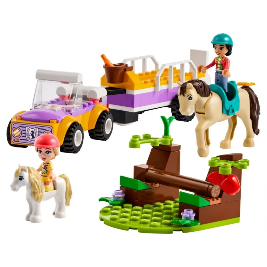 • Stavebnice s figurkami koní – Součástí této sady pro děti od 4 let je sestavitelný model auta a přívěsu pro koně, minipanenky Liann a Zoyi, figurka koně, poníka a doplňky
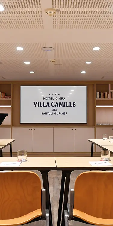 Idealmente situado en el centro de Banyuls-sur-Mer, a dos pasos de Collioure, la Villa Camille Hotel & Spa cuenta con un espacio ideal para sus eventos empresariales, con una capacidad de hasta 49 personas y en primera línea de playa.
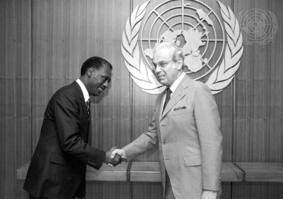 Ambassador Berhanu Dinka, the new Permanent Representative of Ethiopia to the United Nations, today presented his credentials to the Secretary-General Javier Perez de Cuellar (right) at United Nations Headquarters.
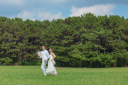 青空の下のでの撮影。空と芝生がとても綺麗に映ります!

The task: With the pictures removed, repeat the listing above exactly as it stands.

Written answer:
 • Stavebnice s figurkami koní – Součástí této sady pro děti od 4 let je sestavitelný model auta a přívěsu pro koně, minipanenky Liann a Zoyi, figurka koně, poníka a doplňky
 Idealmente situado en el centro de Banyuls-sur-Mer, a dos pasos de Collioure, la Villa Camille Hotel & Spa cuenta con un espacio ideal para sus eventos empresariales, con una capacidad de hasta 49 personas y en primera línea de playa.
 Ambassador Berhanu Dinka, the new Permanent Representative of Ethiopia to the United Nations, today presented his credentials to the Secretary-General Javier Perez de Cuellar (right) at United Nations Headquarters.
 青空の下のでの撮影。空と芝生がとても綺麗に映ります!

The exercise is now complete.